The institution indicated that the toe of the hills (with rocks steeply dipping towards section of the road) was in direct contact with the road without any safety buffer.
Briefing the parliamentary press corps, Mr Crisler Akwei Ankrah, General Secretary of GhIG, said the road should not have been constructed facing the dip direction of the rocks, but rather on the other side of the hill.
“Besides, these high walls which are in close proximity to the road were not benched, so that the beams created due to the multiple bending would act as safety bays for any rock fall,” he said.
Mr Ankrah said another issue which might have aggravated the situation was the uncontrolled construction of buildings and access roads on top of the heavily fractured hill which led to slope failures facilitating the movement of rocks down the slope.

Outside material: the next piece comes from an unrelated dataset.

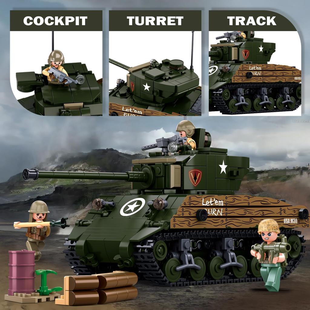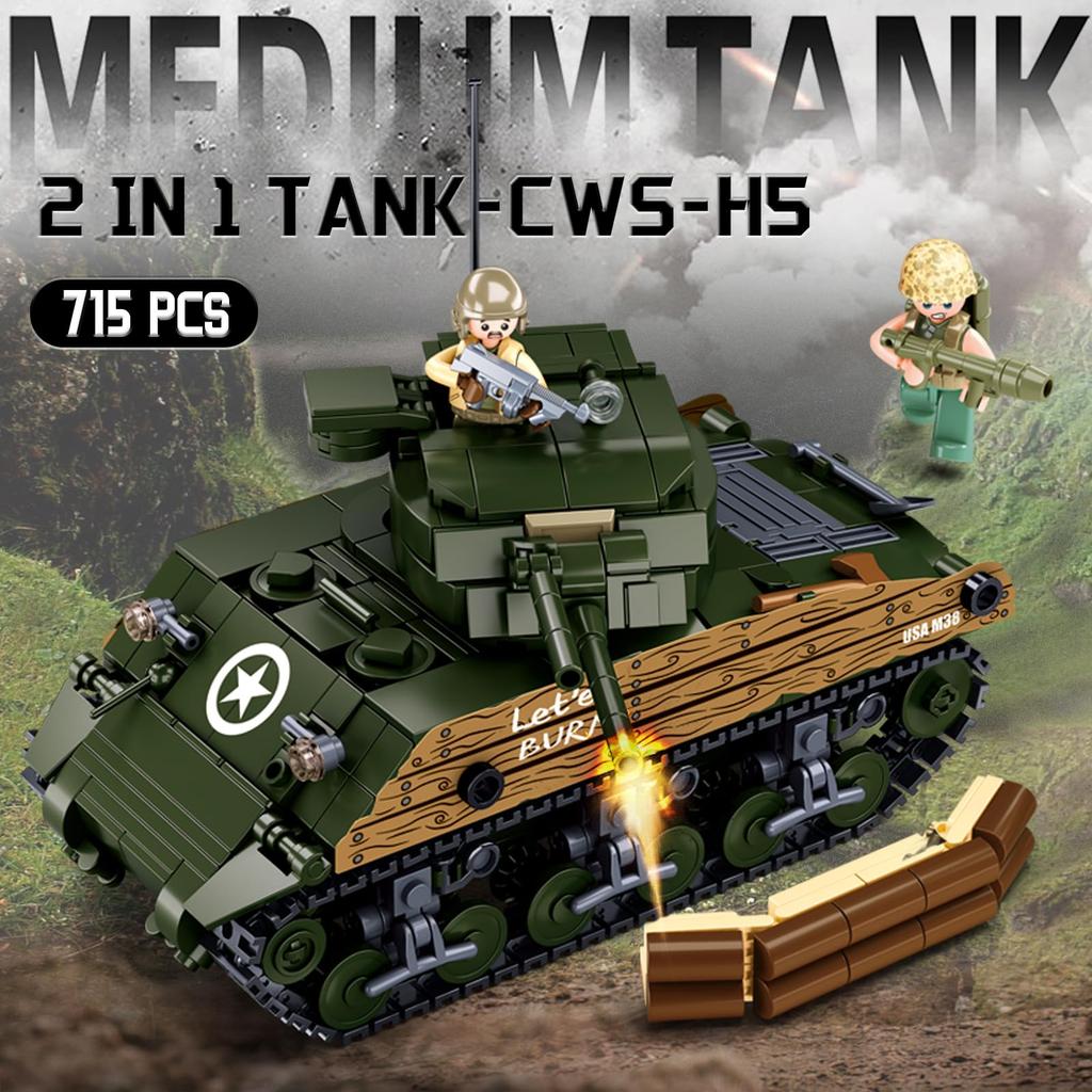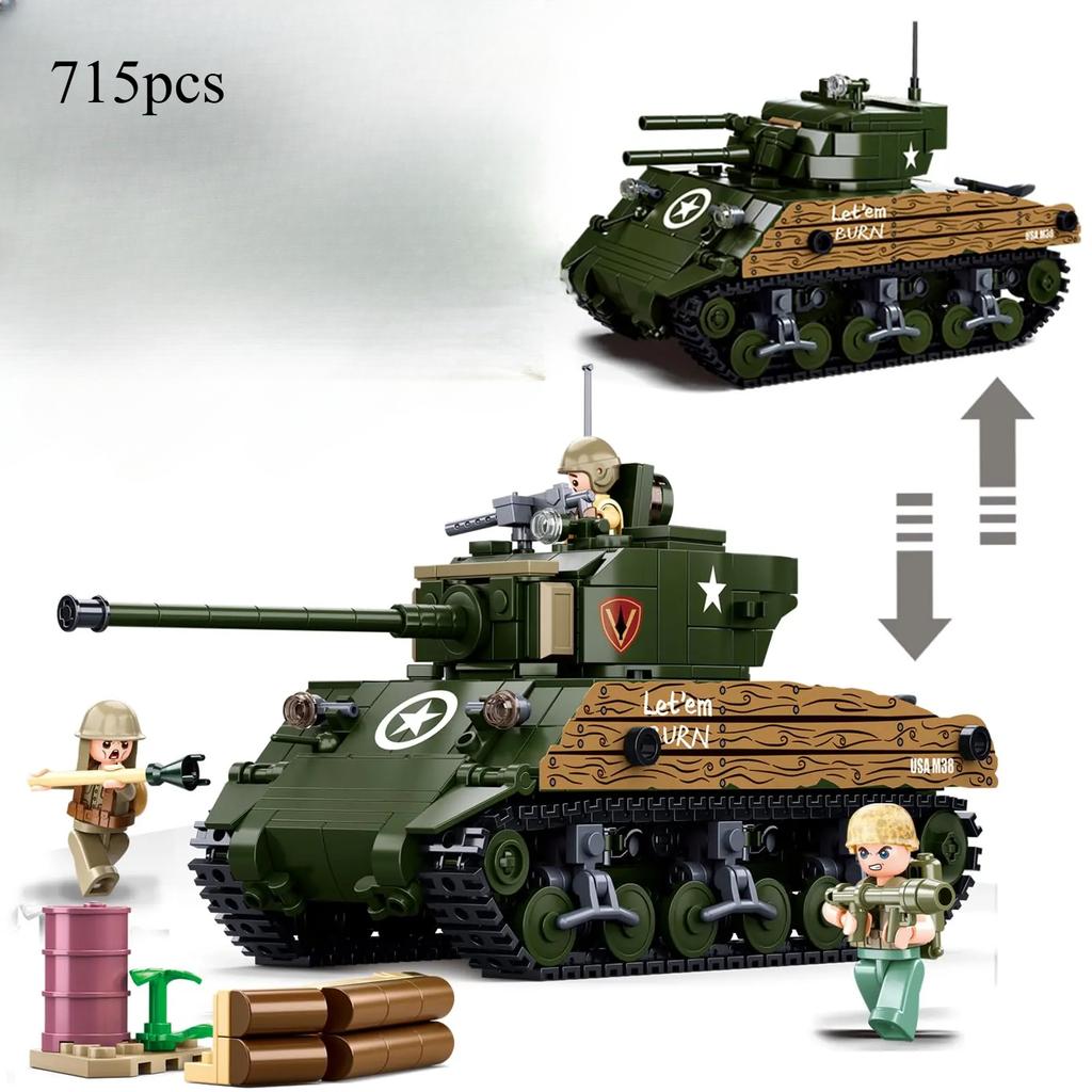 715 шт. M4A3 Модель среднего танка Строительные блоки Вторая мировая война Классический армейский бронированный танк Фигурка солдата Кирпичики DIY Игрушки для детей Праздничный подарок

He also said clearing the vegetation for farming along the slope was another contributory factor which exposed the rock surface to water seepage into the fractures together with surface run-off leading to rock fall, slope failures and potential landslide.
Mr Ankrah said authorities must also ensure that mining of dimension stones for building purposes along the range which could also lead to disturbances in the structure of the rock’s unit, affects the slope stability leading to the rock falls, adding that illegal quarry activities was also weakening the stability of the rocks.
He asked the Ministry of Roads and Highways to as a matter of urgency create safety buffer zones from the road to the toe of the hill, and thereafter stabilise any steep slope along the stretch through multiple benching.
“Where necessary, various rock support techniques should be incorporated, such as rock or cable bolting, retaining walls geosynthesies and appropriate wire meshing,” he said.
Mr Ankrah said as a way forward to avoid such challenges anywhere along the range, there was the need to submit all materials for road construction buildings and other civil works to the GhIG for certification to determine their suitability of not containing any injurious minerals.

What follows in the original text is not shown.